## THE PROBLEM
It would help if you retyped the data exactly, leaving out the pictures.

## DATASET EXCERPT

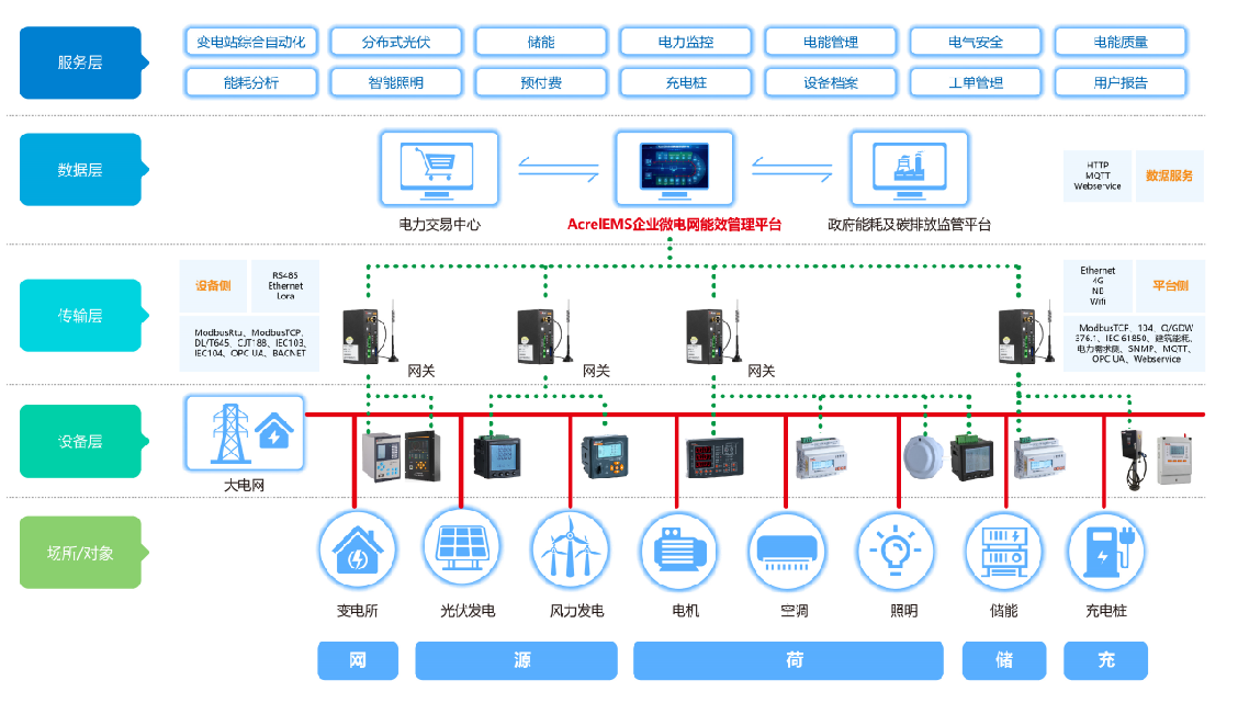 為平臺主界面,針對于企業微電網的源、網、荷、儲、充的各個關鍵節點安裝監測、分析、保護、治理裝置, 通過高性能邊緣計算網關采集數據并上傳至企業微網平臺。平臺根據新的電網價格、用電負荷、電網調度指令等情況, 調整各系統控制策略并遠程下發,使企業微電網始終高效穩定運行,降低企業用電成本,實現能源互聯、信息互動。
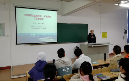 马勇教授立足高远、关注前沿,结合旅游业的本质特征及当下发展状况,分别从旅游规划发展趋势、关注焦点以及系统创新三大方面进行了分析和总结。授课过程中,马勇教授结合自身研究和实践经历,用一个个具体的案例,逐点剖析,分层论述,引导同学们对旅游规划与开发有关理论与实践问题进行深入思考。
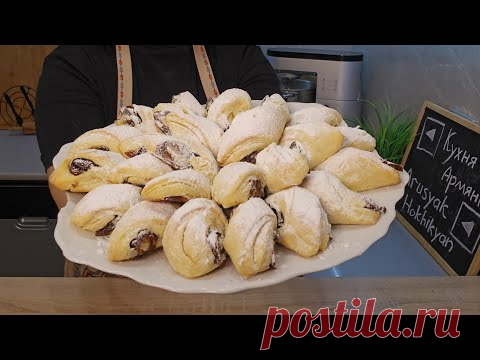 На изображении человек держит большое круглое блюдо с аппетитными выпечками, посыпанными сахарной пудрой. Выпечка находится на белой тарелке, и, судя по виду теста и начинке, это могут быть булочки с шоколадной или фруктовой начинкой. Человек одет в тёмную одежду с фартуком, фон выполнен в тёплых нейтральных тонах. На заднем плане заметна меловая доска с надписями на русском языке, где указано что-то, связанное с кухней. Светло-голубоватое освещение создаёт уютную атмосферу небольшого кафе или кухни. Отдельные элементы, такие как деревянная мебель и зелёное растение, добавляют натуральности интерьеру. Эти булочки обладают структурой, которая подчеркивается надписью "Тающая структура /Рассыпаются во рту/С начинкой", что указывает на их нежность и сочность.

## SOLUTION FOR THIS EXERCISE
 為平臺主界面,針對于企業微電網的源、網、荷、儲、充的各個關鍵節點安裝監測、分析、保護、治理裝置, 通過高性能邊緣計算網關采集數據并上傳至企業微網平臺。平臺根據新的電網價格、用電負荷、電網調度指令等情況, 調整各系統控制策略并遠程下發,使企業微電網始終高效穩定運行,降低企業用電成本,實現能源互聯、信息互動。
 马勇教授立足高远、关注前沿,结合旅游业的本质特征及当下发展状况,分别从旅游规划发展趋势、关注焦点以及系统创新三大方面进行了分析和总结。授课过程中,马勇教授结合自身研究和实践经历,用一个个具体的案例,逐点剖析,分层论述,引导同学们对旅游规划与开发有关理论与实践问题进行深入思考。
 На изображении человек держит большое круглое блюдо с аппетитными выпечками, посыпанными сахарной пудрой. Выпечка находится на белой тарелке, и, судя по виду теста и начинке, это могут быть булочки с шоколадной или фруктовой начинкой. Человек одет в тёмную одежду с фартуком, фон выполнен в тёплых нейтральных тонах. На заднем плане заметна меловая доска с надписями на русском языке, где указано что-то, связанное с кухней. Светло-голубоватое освещение создаёт уютную атмосферу небольшого кафе или кухни. Отдельные элементы, такие как деревянная мебель и зелёное растение, добавляют натуральности интерьеру. Эти булочки обладают структурой, которая подчеркивается надписью "Тающая структура /Рассыпаются во рту/С начинкой", что указывает на их нежность и сочность.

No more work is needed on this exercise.